Global digital music sales are on target to hit the $8.6 billion / £5 billion milestone for the first time in 2012, while online streaming revenues will take over as the fastest-growing area for the music business, according to a new report from Strategy Analytics. The research concern estimates that streaming revenues will jump 40% to $1.2 billion in its Global Recorded Music forecast. This is in stark contract to the $4.3 billion in download revenues expected this year following an anticipated 8.5% hike from 2011, but still represents a significant increase.
Streaming revs, encompassing ad-supported sites and subscription services, are projected to generate an extra $342.3 million in 2012 over 2011, compared to $333.7 million in additional download revenue. This forecast is especially significant as many in the biz doubted streaming would ever be a commercially viable model, and such hesitancy has been an obstacle to its adoption and profitability.
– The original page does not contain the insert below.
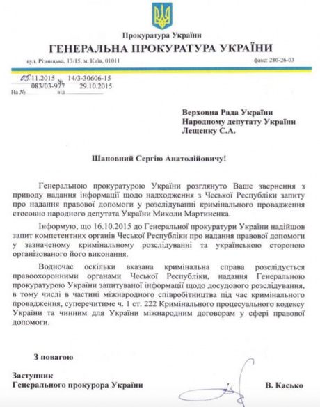 "Информирую, что 16.10.2015 в Генпрокуратуру поступил запрос компетентных органов Чешской республики о предоставлении правовой помощи в указанном уголовном расследовании и украинской стороной организованного его выполнения", - сказано в сообщении.

“Although downloads still account for nearly 80% of online music revenues, this market is maturing, and spending is flattening in all key territories,” said Ed Barton, director of digital media at Strategy Analytics. “Streaming services such as Spotify and Deezer will be the key growth drivers over the next five years as usage and spending grow rapidly.”
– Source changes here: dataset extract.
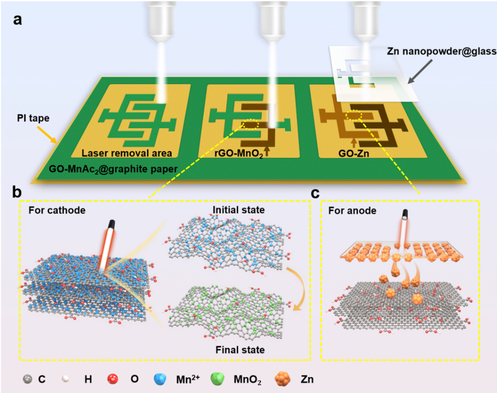 圖1. 平面GO-Zn//rGO-MnO2 MBs的制備及原理圖

Overall digital music sales, including through mobile devices, will rise nearly 18% in 2012 to $9.5 billion. This means digital music will increase its share of global recorded music spending to 39% in 2012. Physical music sales still dominate with a 61% share of the global market despite continued declines. The U.S. and Sweden will see digital sales surpass physical sales this year, following South Korea, where this has been the case for over five years, with Strategy Analytics forecasting that digital spending will overtake physical purchases globally in 2015.
Overall worldwide revenues from music sales are estimated to fall 2.6% from $23 billion in 2011 to $22.4 billion in 2012.